Craig Ford was elected to the Alabama House of Representatives in 2010. He was made the House minority leader of the Democratic Party in 2010, a position held until he lost a Senate bid when he ran as an independent against Republican candidate Andrew Jones.

A recent primary election will send Ford and his opponent, Heather New, to a runoff in September.

The mayoral election in Gadsden is non-partisan, meaning neither candidate must be affiliated with a political party.

Despite the race's non-partisan nature, many residents claim that Ford has been advertising himself as a conservative candidate, more so than New.

Concerns over the tactics of Ford's campaign have also come to light.

Ford flier 1

Ford's campaign finance disclosures show nearly $14,000 to the Matrix Group, a political consulting firm with a reputation for using negative campaign tactics on behalf of its clients.

His campaign also paid for advertising in the local magazine Ford owns and operates.

Some residents of Gadsden have received a campaigning text message survey offering $5 to participants at the end.

The questionnaire is rampant with questions offering ostensibly negative "facts" about New and her political history, asking if the facts changed those surveyed's minds.

Gadsden question 1
Question from survey text.
Gadsden question 2
Question from survey text.

New disputes the facts in the survey. New told 1819 News that the job she is accused of applying for was offered to her in 2017 while she was on the Etowah County Chamber of Commerce, an offer she turned down.

Despite misspelling her name, the question claims that Christie Knowles is currently suing the city of Gadsden, which is true only because she is the lawyer for litigants suing the Gadsden Airport Authority (GAA).

Ford flier 2

The suit involves the GAA allegedly violating Alabama's Open Meetings Act concerning an animal rendering plant in the city.

She also said the PAC which donated to her campaign comprises over 30 local businesses.

"He's taken more than $15,000 from Montgomery special interests and other labor-related PACs, so I don't know if it's a case of projection or what," New said. "I'm not sure why he's not running on his results because his campaign slogan seems to be, 'Results matter,' but we have not seen those results."

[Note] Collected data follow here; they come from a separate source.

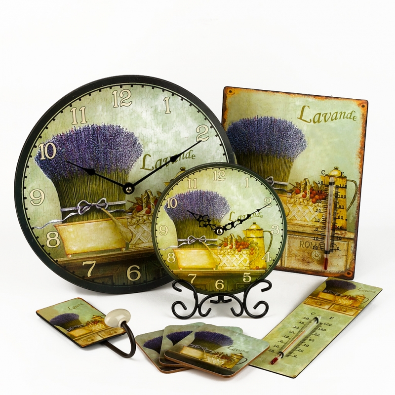 Bohatá kolekce levandule, nabízí doplnění sbírky o stylový teploměr, snídaňovou sadu, hrníčky, hodiny a magnetické tabule. Retro doplněk ke stylovému nábytku.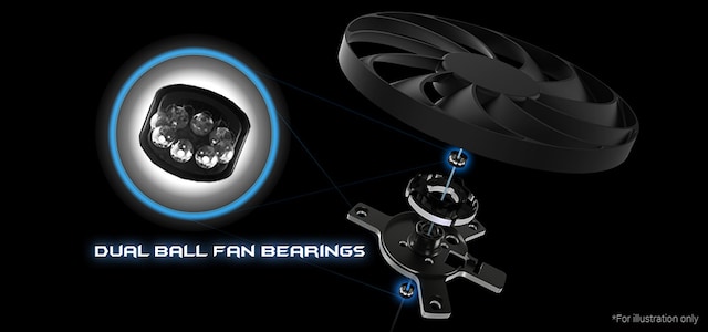 - Axial-tech kølingsdesign Med et mindre nav, der muliggør længere blade og en dækring, der forøger det nedad rettede lufttryk.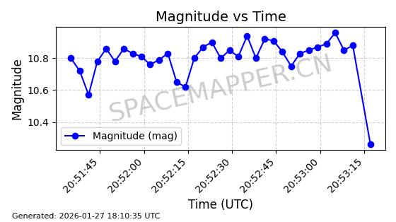 | GOES 16 | 41866 | 41866 | 2016-11-19 同日期轨道 2016-071A 同批次轨道 | 在轨 | 1436分钟 | 0.1311 | 35773.338 | 35800.35 | 0.0003203 | 2026-01-27 05:04:38 | ||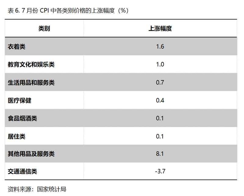 7月份,在CPI 8個類別中有7個類別保持上漲,1個類別下降。上漲的7個類別包括衣著類價格同比上漲1.6%,教育文化和娛樂類上漲1.0%,生活用品及服務(wù)類上漲0.7%,醫(yī)療保健類上漲0.4%,食品煙酒類上漲0.1%,居住類上漲0.1%,其他用品和服務(wù)類上漲8.1%;下降的雖然就交通通信類1個類別,但降幅仍還比較大,7月份同比下降3.7%。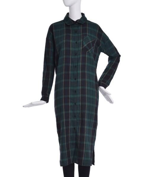 肌触りの良い柔らかいネル素材を使用。今季らしいカラー配色が秋冬感を演出。レトロ感を漂わせる幾何学のパターンもポイント。ロングアウターとのレイヤードスタイルもお勧めです。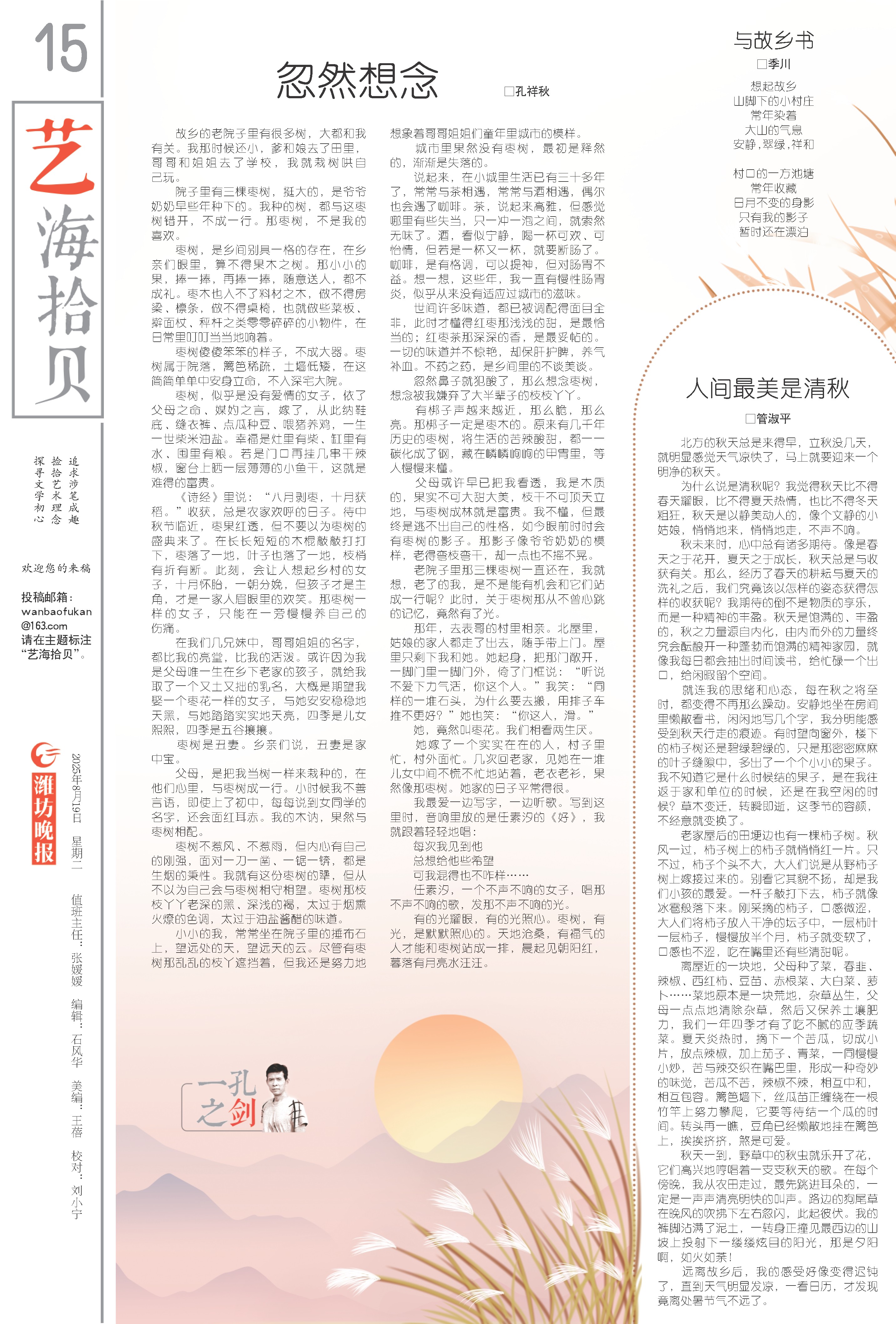 远离故乡后,我的感受好像变得迟钝了,直到天气明显发凉,一看日历,才发现竟离处暑节气不远了。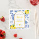 She Found Her Main Squeeze bridal shower napkins features blue flowers, yellow lemons, and black and yellow text.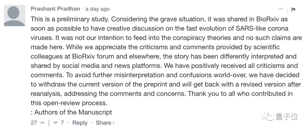 论文一公开就遭到了各种质疑,作者先是在论文下留言表示接受大家的批评,后来主动撤回了论文。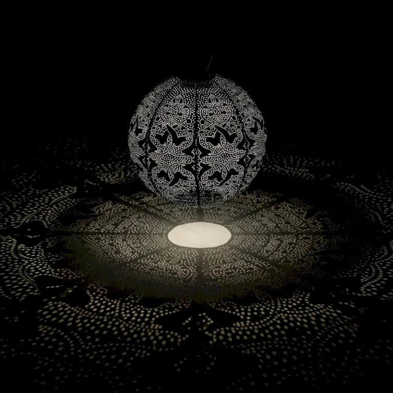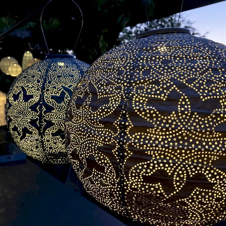 Lumiz solcelle lanterne rund 30 cm i grå med mønsteret ’Marrakesh’, vil give din have eller din terrasse en unik og flot belysning.

New told 1819 News that she believes Ford is attempting to conceal his Democratic roots to garner support from conservative voters in the city. She also said that Ford failed to make the election about issues, choosing to make "personal attacks."

"It does seem he would like others to forget his past because he was the House minority leader when he stepped down from the party," New said. "It appears he stepped down from the party because he felt his chances to win a senate race would be better as an independent; I don't know why he would think that.

"The residents of Gadsden don't want to continue with career politicians, and hopefully, they understand that you need to have a strong conservative Republican in [the mayor’s] seat to garner any interest from the Republican House and Senate."